Task requirements >> Each line of the data must be given back verbatim, with pictures removed.

Data for analysis >>
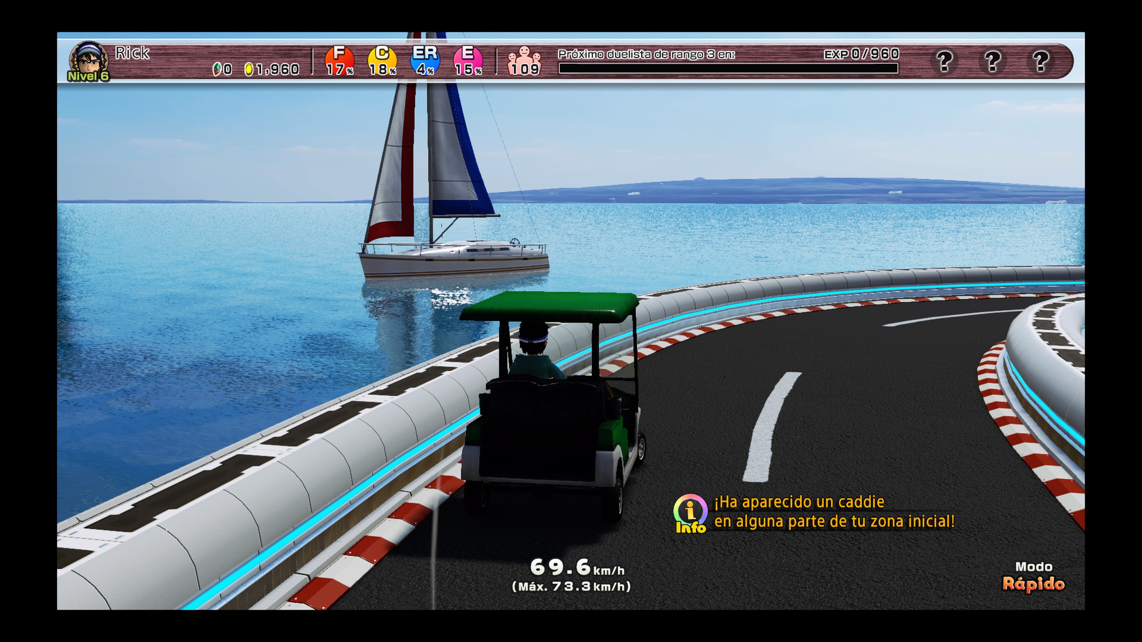 Pero no adelantemos las cosas ya que nosotros empezaremos desde abajo, desde el nivel principiante. Como ya hemos indicado con anterioridad a medida que disputemos los campeonatos iremos ganando puntos de experiencia, una vez que rellenemos el nivel en el que nos encontremos aparecerá un retador que nos propondrá que nos batamos con él en un torneo con reglas distintas a las competiciones ya que aquí cada uno de los jugadores tiraran por turno en lugar de todos a la vez. Si conseguimos derrotar a cada uno de estos tres rivales en una categoría aumentaremos de rango y seremos recompensados subiendo de nivel y con nuevos objetivos, entre los que se incluyen ropa, nuevas bolas o palos de golf. Incluso, algo vas avanzado en el juego, podremos llegar a desbloquear hasta un carrito de golf, una forma mucho más rápida y divertida de moverse tanto en la Golf Island como en el campo de juego.
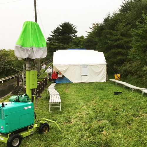 9月24日、スイーパー業務を終えた翌日。UTMFがなくなったことで予定より遅い時間に二十曲峠に到着。大雨の中、エイドの準備を進める。
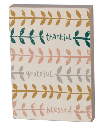 A wooden block sign created with intricate age-old block carving and printmaking techniques. Features linear leaf designs with “Thankful – Grateful – Blessed” sentiment in a neutral palette. Contains predrilled back keyhole for easy hanging or can free-stand alone. Complements well with coordinating pieces in collection for a charming spring display. 5″ x 7″ x 1″
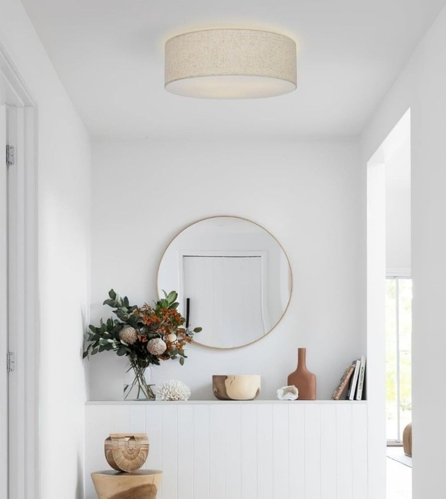 Modern 16" farmhouse linen drum ceiling light - Semi-flush mount
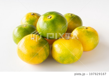 早生ミカン 青ミカン 緑色の皮 明るい背景
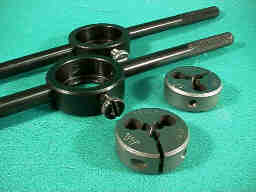 シャフトにネジを切る等、ダイスがあると便利です。ダイスはハンドルを2本用意して、古いもので下ネジを立てて、新しいもので、仕上げをすると、作業が早く、長持ちします。ハンドルは300程度と安価です。 ダイスは刃に付いている調節ネジで、ダイスの締まりの限界を設定し、ハンドルに付いているネジで、締め付ける力を加減するしくみになっています。 ステンレス等にネジを切る場合は、ハンドルのネジを半回転程度ゆるめて、次第に絞めながら3回程度に分けて切ると、刃が傷みません。 |
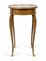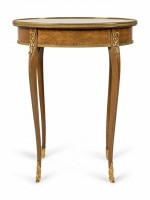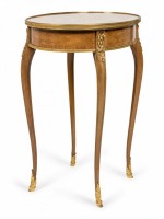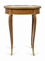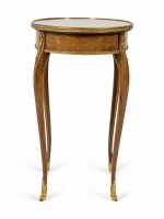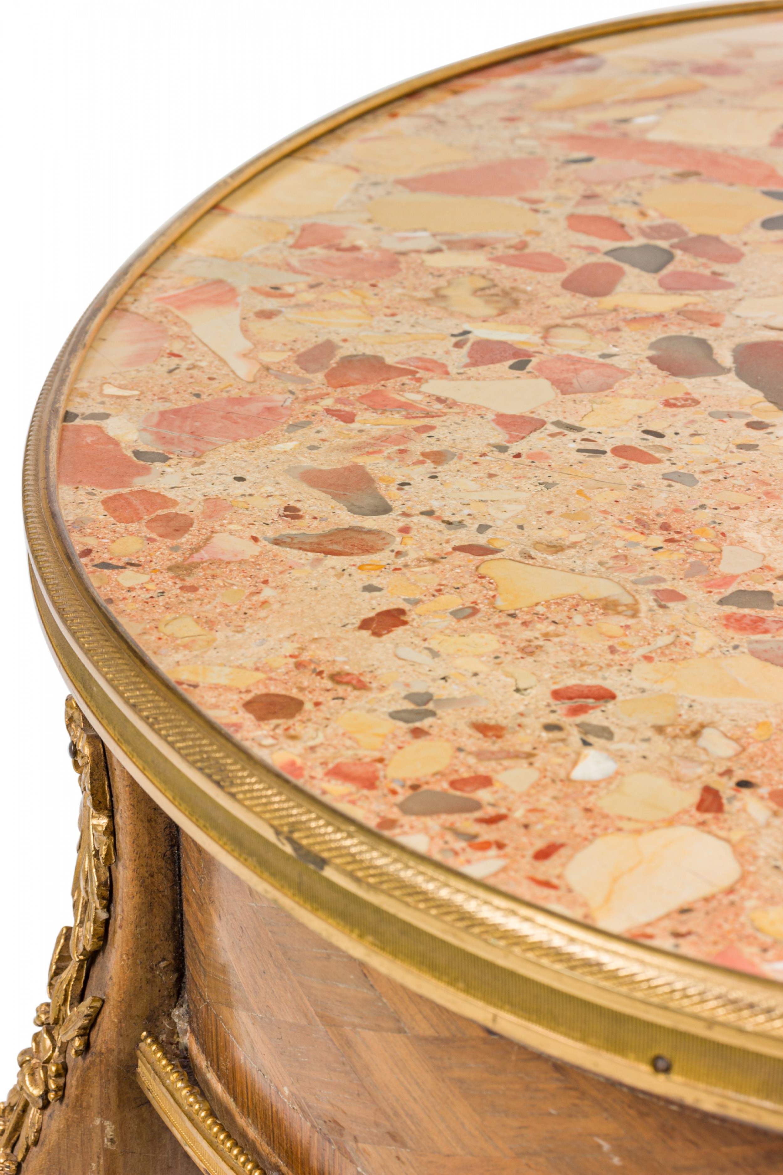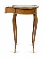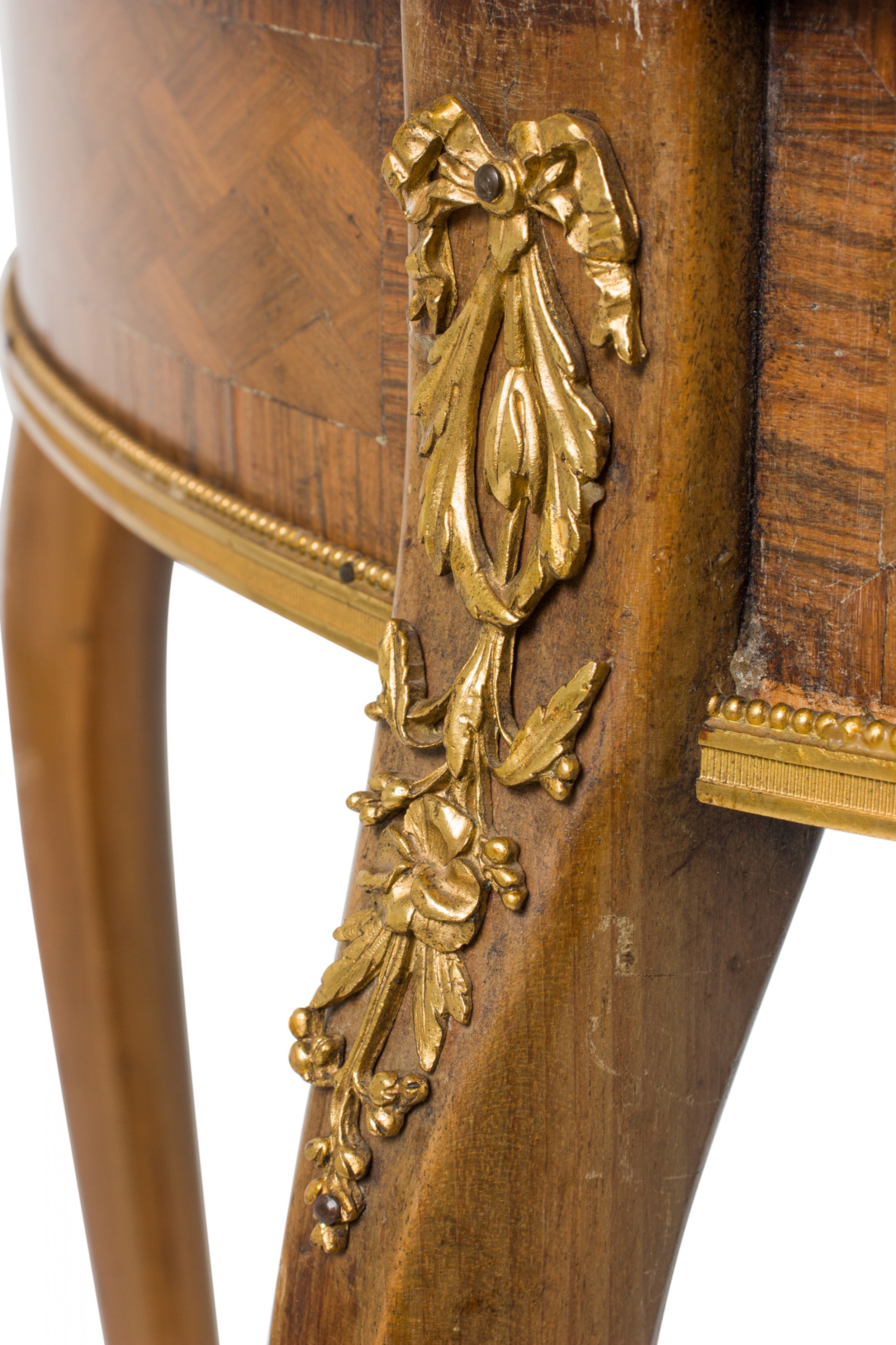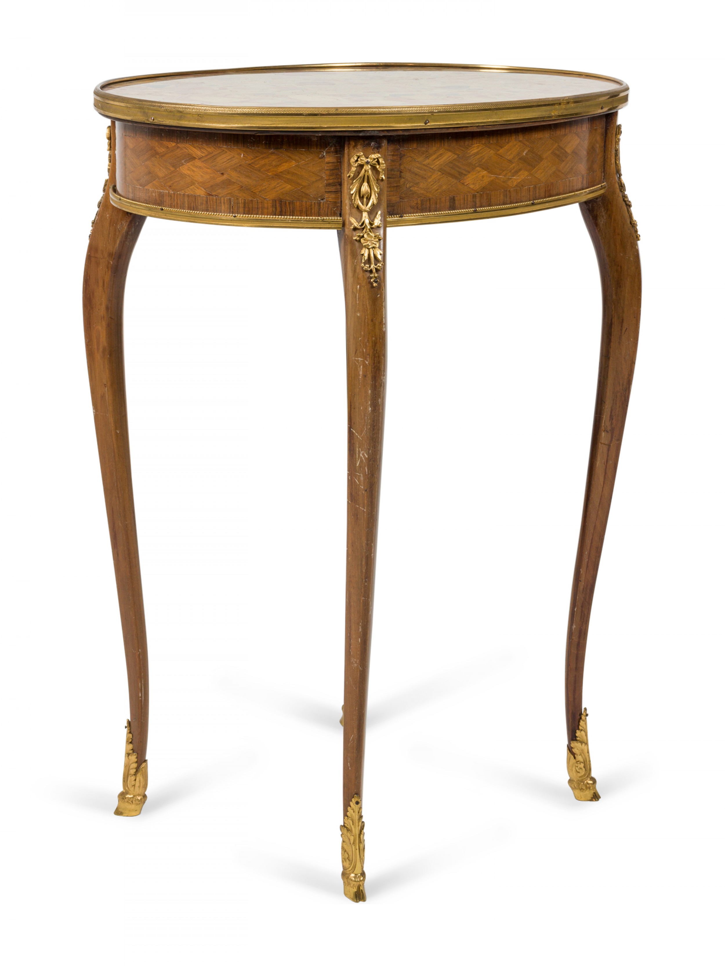French Louis XV-style (19th Century) kingwood parquetry inlaid veneered oval end table with a drawer and gilt bronze trim with an inset marble top.
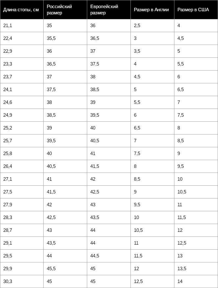 Измерьте Вашу стопу в см и выберите соответствующий размер в таблице. При выборе размера по сантиметрам необходимо отдавать предпотчение большему размеру.
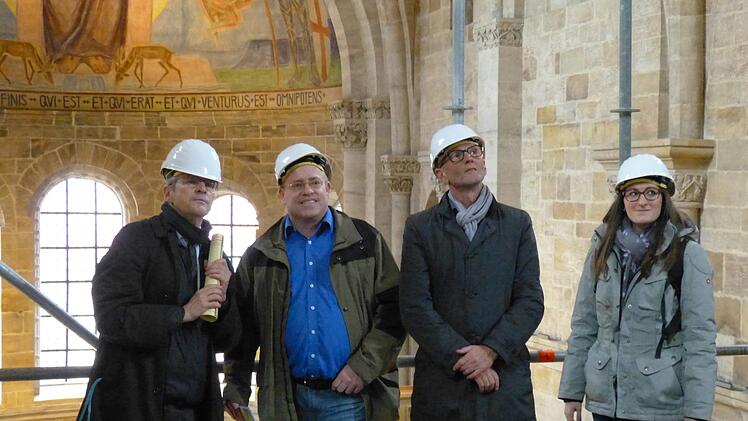 Zwölf Meter oberhalb des Kirchenschiffs knarzen die Holzplatten, als die Fachgruppe des staatlichen Bauamts zum Pressetermin einlädt. Seit Anfang des Jahres ist die Dombauhütte im Auftrag des Freistaats fleißig dabei, den Kaiserdom zu renovieren und die Sicherheit zu prüfen.
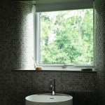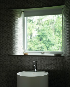 The bathrooms have been created as open-plan niches with no screens, therefore the room size is designed to match its purpose and allow for in-built storage. Microcement is used again to pick up on the materials downstairs and to accommodate the unusual geometry of the interiors. The downstairs bathroom uses mosaic which echoes the grey tones of the concrete. As it is a north-facing room, matt and gloss finishes have been employed to play with reflections from sunlight as it enters the space. In fact, all window openings have reveals formed by the walls folding into them, which increases the light refraction coming into the rooms.

Answer for the task >>
 Pero no adelantemos las cosas ya que nosotros empezaremos desde abajo, desde el nivel principiante. Como ya hemos indicado con anterioridad a medida que disputemos los campeonatos iremos ganando puntos de experiencia, una vez que rellenemos el nivel en el que nos encontremos aparecerá un retador que nos propondrá que nos batamos con él en un torneo con reglas distintas a las competiciones ya que aquí cada uno de los jugadores tiraran por turno en lugar de todos a la vez. Si conseguimos derrotar a cada uno de estos tres rivales en una categoría aumentaremos de rango y seremos recompensados subiendo de nivel y con nuevos objetivos, entre los que se incluyen ropa, nuevas bolas o palos de golf. Incluso, algo vas avanzado en el juego, podremos llegar a desbloquear hasta un carrito de golf, una forma mucho más rápida y divertida de moverse tanto en la Golf Island como en el campo de juego.
 9月24日、スイーパー業務を終えた翌日。UTMFがなくなったことで予定より遅い時間に二十曲峠に到着。大雨の中、エイドの準備を進める。
 A wooden block sign created with intricate age-old block carving and printmaking techniques. Features linear leaf designs with “Thankful – Grateful – Blessed” sentiment in a neutral palette. Contains predrilled back keyhole for easy hanging or can free-stand alone. Complements well with coordinating pieces in collection for a charming spring display. 5″ x 7″ x 1″
 Modern 16" farmhouse linen drum ceiling light - Semi-flush mount
 早生ミカン 青ミカン 緑色の皮 明るい背景
 シャフトにネジを切る等、ダイスがあると便利です。ダイスはハンドルを2本用意して、古いもので下ネジを立てて、新しいもので、仕上げをすると、作業が早く、長持ちします。ハンドルは300程度と安価です。 ダイスは刃に付いている調節ネジで、ダイスの締まりの限界を設定し、ハンドルに付いているネジで、締め付ける力を加減するしくみになっています。 ステンレス等にネジを切る場合は、ハンドルのネジを半回転程度ゆるめて、次第に絞めながら3回程度に分けて切ると、刃が傷みません。 |
French Louis XV-style (19th Century) kingwood parquetry inlaid veneered oval end table with a drawer and gilt bronze trim with an inset marble top.
 Измерьте Вашу стопу в см и выберите соответствующий размер в таблице. При выборе размера по сантиметрам необходимо отдавать предпотчение большему размеру.
 Zwölf Meter oberhalb des Kirchenschiffs knarzen die Holzplatten, als die Fachgruppe des staatlichen Bauamts zum Pressetermin einlädt. Seit Anfang des Jahres ist die Dombauhütte im Auftrag des Freistaats fleißig dabei, den Kaiserdom zu renovieren und die Sicherheit zu prüfen.
 The bathrooms have been created as open-plan niches with no screens, therefore the room size is designed to match its purpose and allow for in-built storage. Microcement is used again to pick up on the materials downstairs and to accommodate the unusual geometry of the interiors. The downstairs bathroom uses mosaic which echoes the grey tones of the concrete. As it is a north-facing room, matt and gloss finishes have been employed to play with reflections from sunlight as it enters the space. In fact, all window openings have reveals formed by the walls folding into them, which increases the light refraction coming into the rooms.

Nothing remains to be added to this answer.